However, the AAP study is silent with regard to the number of children engaged by advertisement agencies to script their market promotion stories, their age group, shooting periods, time schedules (if during vacations, shooting during day time or at night, etc.) and fees paid to such kids or their agents. It has been noticed that well trained children engaged in commercials, earning good money, often turn out to be school drop-outs. Some of them even take to drugs and become petty criminals when out of job. Young Americans view some 40,000 advertisements per year on television alone. They are being increasingly exposed to commercials and pornography on the internet.

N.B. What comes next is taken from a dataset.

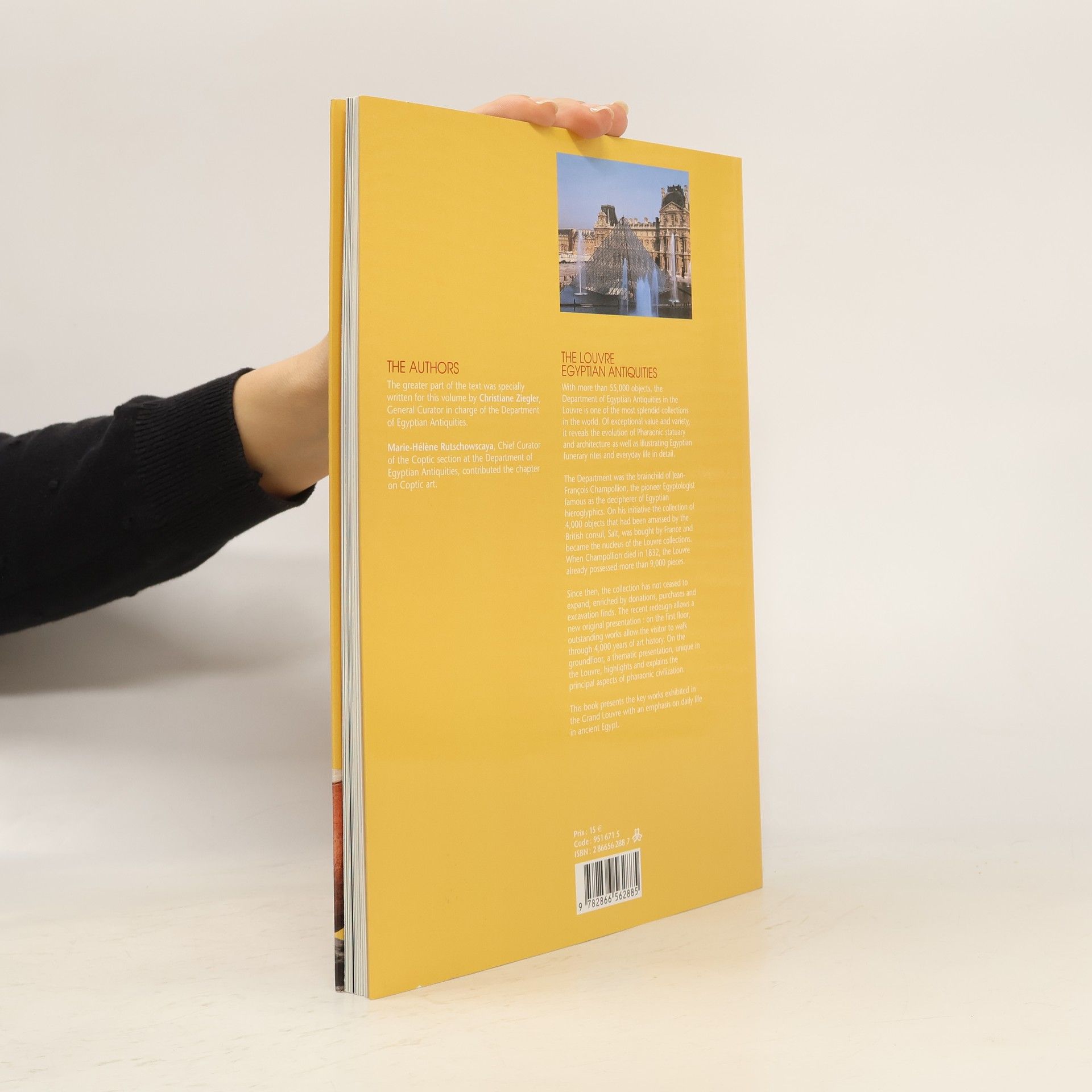 With more than 55,000 objects, the Department of Egyptian Antiquities in the Louvre is one of the most splendid collections in the world. Of exceptional value and variety, it reveals the evolution of Pharaonic statuary and architecture as well as illustrating Egyptian funerary rites and everyday life in detail. The Department was the brainchild of Jean-François Champollion, the pioneer Egyptologist famous as the decipherer of Egyptian hieroglyphics. On his initiative the collection of 4,000 objects that had been amassed by the British consul, Salt, was bought by France and became the nucleus of the Louvre collections. When Champollion died in 1832, the Louvre already possessed more than 9,000 pieces. Since then, the collection has not ceased to expand, enriched by donations, purchases and excavation finds. The recent redesign allows a new original presentation: on the first floor, outstanding works allow the visitor to walk through 4,000 years of art history. On the groundfloor, a thematic presentation, unique in the Louvre, highlights and explains the principal aspects of pharaonic civilization. This book presents the key works exhibited in the Grand Louvre with an emphasis on daily life in ancient Egypt.

The wannabes may disagree, the employment of babies and children in commercials and marketing is also becoming a serious threat to a healthy growth of the society by unwittingly bringing into the fore the rich-poor divide among children and their parents belonging to the two economic stratums. These advertisements and commercials are seen by children and their parents from the world of both haves and have-nots. They create desire which can't be fulfilled by the have-nots. They create social tension and encourage petty crime, theft and cheating among poor children. And, they also become easy victim of social, corporate and underworld exploitation.
In India, poverty and growing high cost of living are driving hordes of poor children and their helpless parents to take up all kinds of odd and hazardous jobs to support families. To this large section of the society, suffering from abject poverty, the constitutional provision of 'free and compulsory education' for children in the age group of 6-14 years has little impact. The Indian constitution also prohibits employment of children under 14. With millions made to survive in starvation without even a permanent roof above their head, such provisions only mock at the constitution and the society. Fasting as a form of protest or mass communication tool may be a luxury of powerful politicians and so-called Gandhians, but it often acts as a forcible condition of daily living among millions of poor Indians without meals, many of who are compelled to go to the extent of selling children and taking up prostitution to fill their belly.
The latest report of the Union labour ministry says that over 12.6 million children (under 14) are currently engaged in 'hazardous jobs' across the country. Seeing these kids working everywhere, the number seems to have been grossly under-reported. Children work in brick kilns, in dyeing and painting industry, shoe and sports goods manufacturing, diamond cutting and polishing, fireworks manufacturing, knitting and weaving, roads and buildings construction, loading-unloading jobs, packaging, pesticide spraying, floor sweeping, etc. They also work as domestic help, tea-boys in small eateries, attendants in small grocery shops, helpers in auto-repair shops and rag-tag pickers for dealers in domestic and industrial wastes meant for recycling. Thanks to the ban on 'child labour', these poor luckless children become victim of exploitation by their employers as well as the police, the partners of social extortion.
The ban on child labour in the absence of a proper and realistic rehabilitation programme is doing more harm to poor children than if it were allowed under strict conditions, including award of minimum wage, cap on working hours and facilities for education and self-development, which discouraged their exploitation by dishonest employers. Undernourished slum-pups need social sanctuary and not job ban orders before some of them turn into 'slum-dog millionaires' for the glory and commercial exploitation of money-hungry movie makers, cashing in on the misery of the underprivileged.